DATASET ENTRIES: Begin

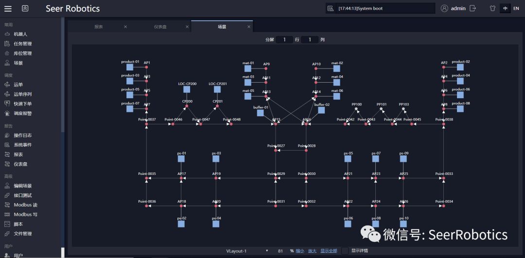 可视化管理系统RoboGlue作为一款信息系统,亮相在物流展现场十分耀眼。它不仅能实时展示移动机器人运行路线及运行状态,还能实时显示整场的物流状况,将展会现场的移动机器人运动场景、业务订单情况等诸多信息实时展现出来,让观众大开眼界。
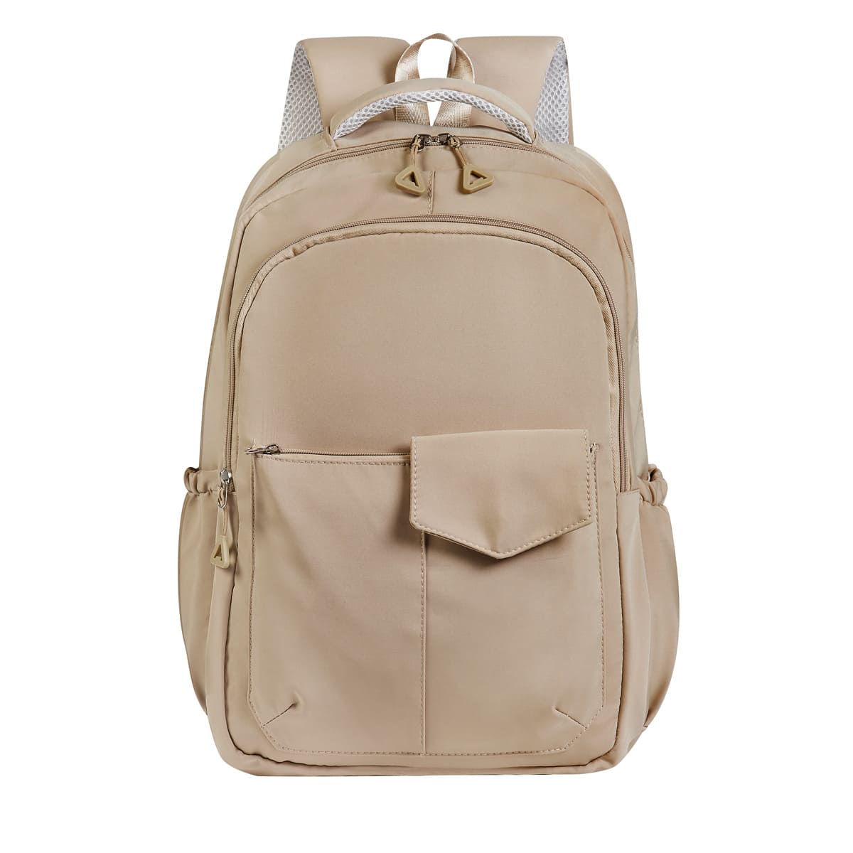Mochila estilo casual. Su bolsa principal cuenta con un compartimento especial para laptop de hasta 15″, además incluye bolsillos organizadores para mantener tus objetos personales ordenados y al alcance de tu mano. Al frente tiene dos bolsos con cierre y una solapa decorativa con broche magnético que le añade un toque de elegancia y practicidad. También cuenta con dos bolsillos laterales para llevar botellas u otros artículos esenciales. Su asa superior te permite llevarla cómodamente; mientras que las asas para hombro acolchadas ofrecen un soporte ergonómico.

DATASET ENTRIES: End
DATASET ENTRIES: Begin

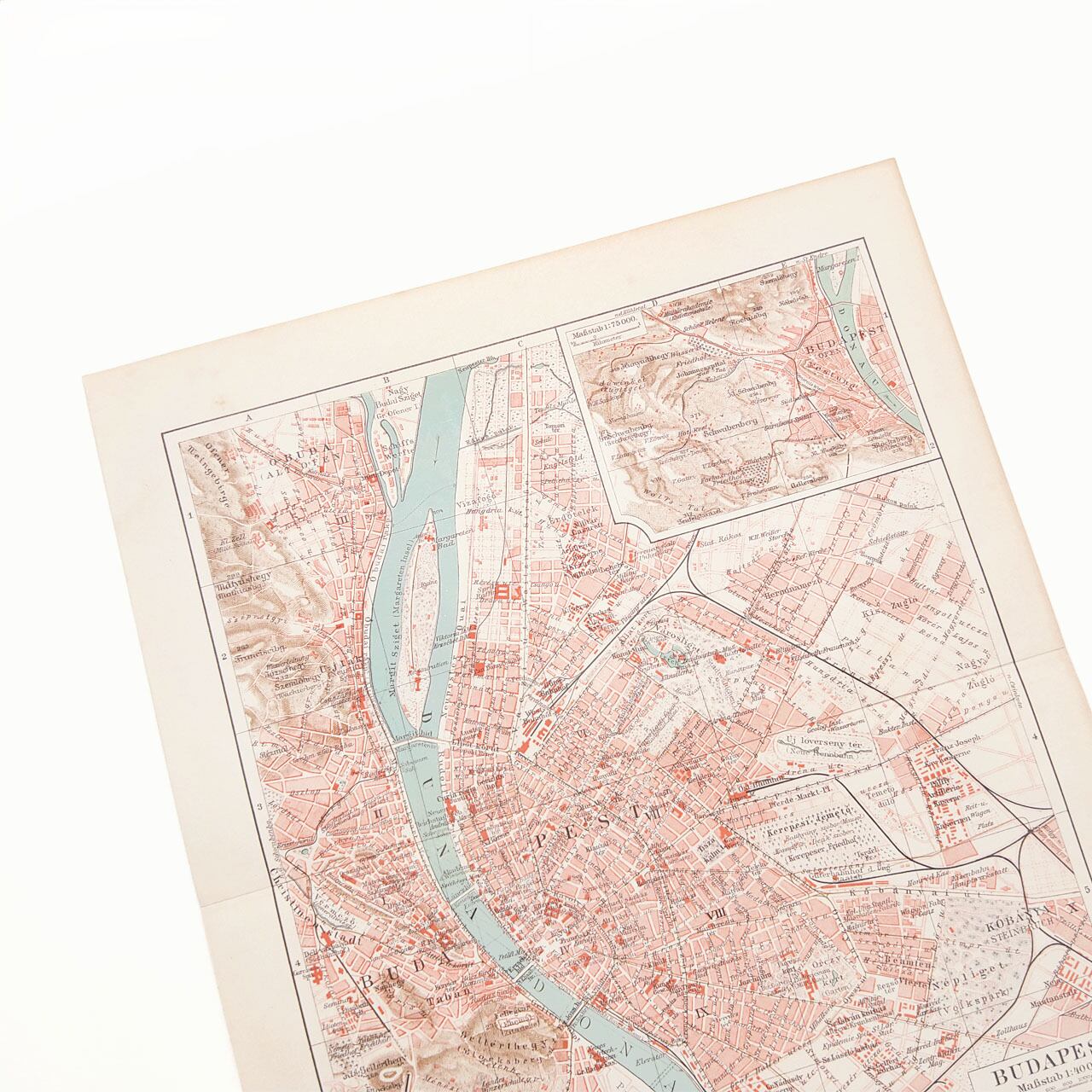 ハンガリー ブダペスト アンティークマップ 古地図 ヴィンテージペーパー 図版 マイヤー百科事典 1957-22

DATASET ENTRIES: End

▶ [EXERCISE OBJECTIVE]: Set the pictures aside and reproduce exactly the lines above, from the line holding "可视化管理系统RoboGlu" through the line holding "Mochila estilo casual.", both included, with nothing else.

▶ [TASK RESULT]:
 可视化管理系统RoboGlue作为一款信息系统,亮相在物流展现场十分耀眼。它不仅能实时展示移动机器人运行路线及运行状态,还能实时显示整场的物流状况,将展会现场的移动机器人运动场景、业务订单情况等诸多信息实时展现出来,让观众大开眼界。
Mochila estilo casual. Su bolsa principal cuenta con un compartimento especial para laptop de hasta 15″, además incluye bolsillos organizadores para mantener tus objetos personales ordenados y al alcance de tu mano. Al frente tiene dos bolsos con cierre y una solapa decorativa con broche magnético que le añade un toque de elegancia y practicidad. También cuenta con dos bolsillos laterales para llevar botellas u otros artículos esenciales. Su asa superior te permite llevarla cómodamente; mientras que las asas para hombro acolchadas ofrecen un soporte ergonómico.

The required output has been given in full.